Australian stockman and drover (1852–1892)

Samuel Burns Croker (20 June 1852 – 20 September 1892) was an Australian stockman and drover in Queensland and the Northern Territory. He was known as "Greenhide Sam Croker", because of his skill in working with greenhide, the untanned hide of an animal. He often worked alongside Nat Buchanan and, together, they 'pioneered' the Murranji Track in 1886. A participant in several massacres, he was killed by Aboriginal stockman Charlie Flannigan on Auvergne Station.

==Early life==
Croker was born at Dungowan Station, near Tamworth in New South Wales, and was the son of John and Martha Croker who were Scottish immigrants. The family moved numerous times during Croker's early life.

==Life in the Northern Territory==

Croker began working with Nat Buchanan in 1877, and became considered his 'right-hand man', and in the same year they became the first Europeans to cross the Barkly Tableland. Croker was then employed on a number of Buchanan's properties, including Wave Hill Station (which was established in 1882), where it is recorded that he was involved in reprisals and massacres of the Gurindji people living there. One such recorded incident, shortly after the establishment of the station, was when Croker shot a man in the back for attempting to take a bucket.

In 1882 he was also involved in the Red Lilly Lagoon Massacre on Elsey Station in which, in reprisal for the 15 July death of Duncan Campbell in which 20 Mangarayi people were killed. During this massacre Croker assisted Augustus Lucanus; Charlie Flannigan is believed to have been in this area and escaped them at the time.

An earlier recorded incident was in December 1878, at Glencoe Station, where Croker led a reprisal massacre following the death of station hand William Travers. In this massacre Croker killed many local Aboriginal people whether they had been involved in Travers' death or not.

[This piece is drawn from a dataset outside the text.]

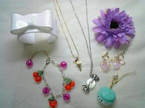 少し前に届いてたんですが、パリスキッズ-原宿のアクセ屋さんで注文してた商品のご紹介です 今回は全部で7点。 ガーベラのコサージュは、¥525とパリスさんにしてはちょっと高いんですけど、色がすごいキレイですこれからカゴバッグに着けて使おうと思ってます。ナンダカンダでまた買っちゃったイヤリング。笑夏っぽい涼しげな色のビーズがカワイイですジャラジャラしててもギャルっぽい感じじゃないので、大人っぽくてイイですよ。 マカロンストラップは前にベリーピンクを買ってるので、どんな感じかだいたいわかってたんですけど、色がキレイでカワイイこれはチェーンに付け替えてネックレスにしようかなぁ~と思ってますジェラートネックレスは、よ~く見るとけっこうデザインが凝ってます。写真ではわかりにくいんですけど、コーンの部分に小さい3色のキラキラストーンが付いてるんです前に買ったダブルアイスネックレスと同じぐらいの大きさなんですけど、こっちは立体感があるので、ホンモノに近い感じがイイですね~。 キャンディーネックレスは限定のシルバーバージョン。これで4色目です。。。笑でもけっこう最近よく着けてるので、色チで持ってると便利なんです フルーツブレスレットは、さっそくバッグに付けて使ってます。ブレスレットとしてもカワイイんですけど、ちょっとジャマっぽいのでバッグチャームの方がカワイイかなと。。。カゴバッグに付けた方がカワイイかな リボンバングル(ホワイト)はちょっとサイズが大きめでした 腕にはめるときはちょっとキツイかなって感じなんですけど、いざ着けるとけっこうブカブカして、落ちないか心配になりますね。。。苦笑リボンは立体的でかなりカワイイんですけど・・・ちょっと残念 ∀ランキングへ∀

At the time of his death Croker was 40 and was the acting manager of Auvergne Station, while the manager Jack Watson was away. He had brought with him Flannigan, who he had known for some time and had recruited from Wave Hill Station, to construct cattle yards; it was offered as a week of work. In their time together Croker bullied Flannigan and Flannigan later stated, in a statement to police, that Croker would often shoot at cattle close to him to intimidate him.

On the night of Croker's death the two men had an argument over cards and after death Flannigan handed himself over to the authorities and was later sentenced to death and executed at Fannie Bay Gaol on 15 July 1893; this was the first official execution in the Northern Territory. The trial and subsequent execution was covered by media around Australia and was regularly covered in the Northern Territory media.

== Description ==
Gordon Buchanan, the son of Nat Buchanan, described Croker as:

Fair of medium height and wiry build ... a natural backwoodsman, hardy and accustomed to hunt for a live on "bush tucker" all kinds, from dingo and snakes to barramundi and wild duck ... Though not a good tracker, he had all the other bush craft of [an Aboriginal person] ... Not a great stockman and horseman ... yet he was equal to any bush emergency ... never enthusiastic, yet never downhearted, he was generally cheerful, imperturbable, with a tendency to romance, and to chaff and banter.
— Gordon Buchanan giving a description of Sam Croker

== Grave ==
Croker's grave is located at Auvergne Station, 59 km from Timber Creek.

== Legacy ==
Croker is remembered in the naming of a number of locations in the Northern Territory:

- Croker Creek, on Wave Hill Station, on Gurindji country, is named for Croker.
- Croker Street, in Katherine, Northern Territory.
- Croker Street, in Nakara, Northern Territory.